_Exercise directions_
Look below for the line that contains "Regardless, SubQuery is", then quote it and all the lines after it, exactly, with the pictures left out.

_Source data_
==============================
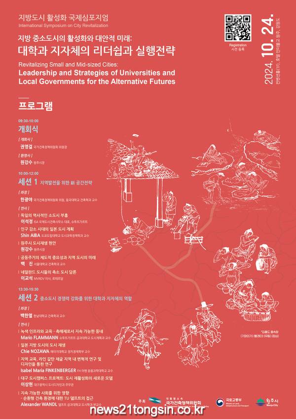 □ 국가건축정책위원회가 주최하고 국토교통부와 원주시가 후원하는 지방도시 활성화 국제심포지엄이 오는 24일(목) 오전 9시 30분 호텔 인터불고 원주에서 개최된다.
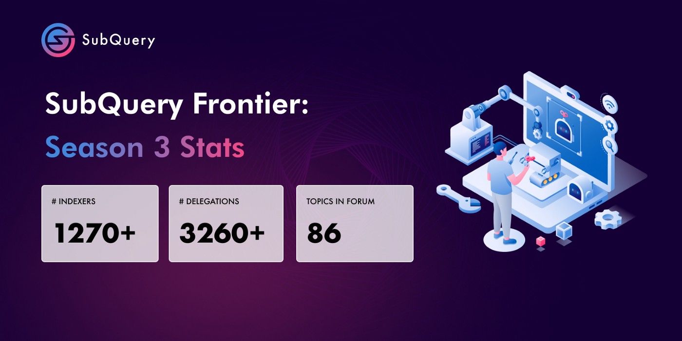Regardless, SubQuery is in an incredibly advantageous position today. We have a live product that is relied on by hundreds of partners across three Layer 1 ecosystems (Polkadot, Avalanche, and Cosmos). Our current SubQuery Frontier testnet is halfway through its third and final season with over 1,000 indexers indexing projects from three different chains in one decentralised data service.
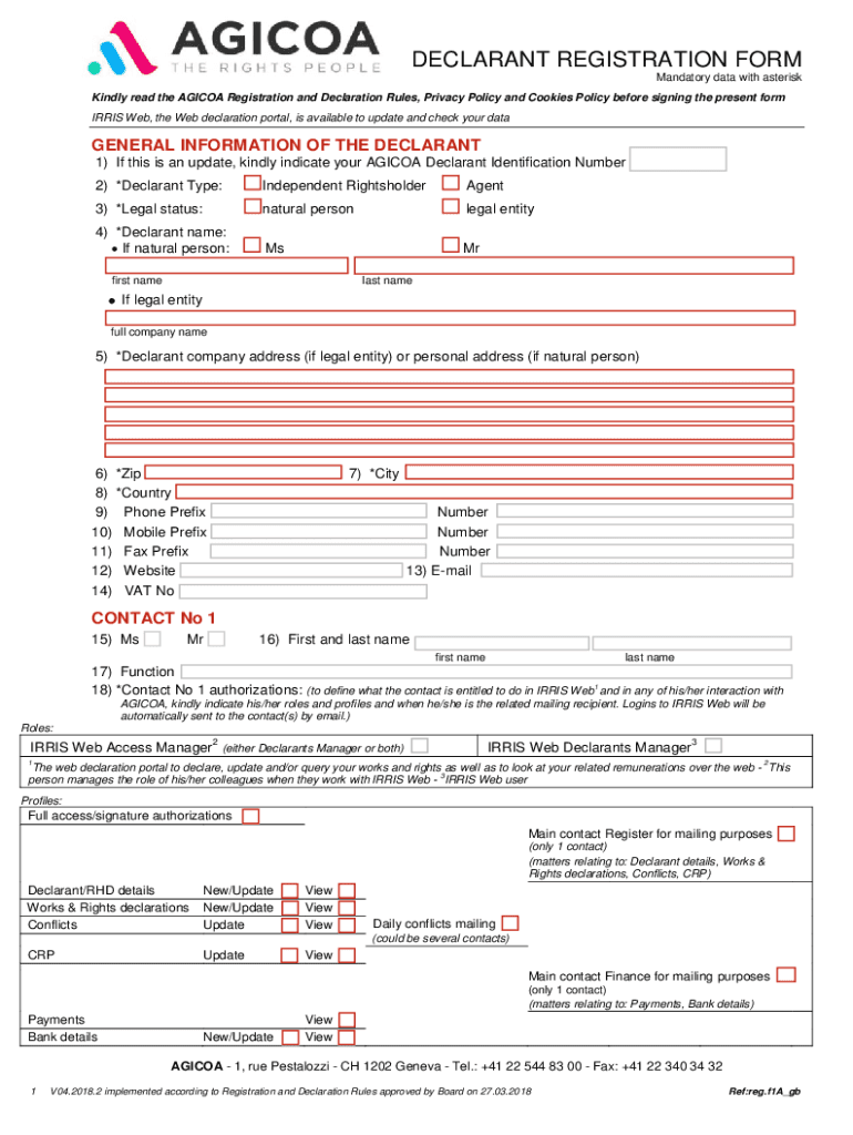 ALICIA DECLARING REGISTRATION FORM DECLARING REGISTRATION FORM Mandatory data with asterisk Kindly read the ALICIA Registration and Declaration Rules, Privacy Policy and Cookies Policy before signing
==============================
_Response to this exercise_
Regardless, SubQuery is in an incredibly advantageous position today. We have a live product that is relied on by hundreds of partners across three Layer 1 ecosystems (Polkadot, Avalanche, and Cosmos). Our current SubQuery Frontier testnet is halfway through its third and final season with over 1,000 indexers indexing projects from three different chains in one decentralised data service.
 ALICIA DECLARING REGISTRATION FORM DECLARING REGISTRATION FORM Mandatory data with asterisk Kindly read the ALICIA Registration and Declaration Rules, Privacy Policy and Cookies Policy before signing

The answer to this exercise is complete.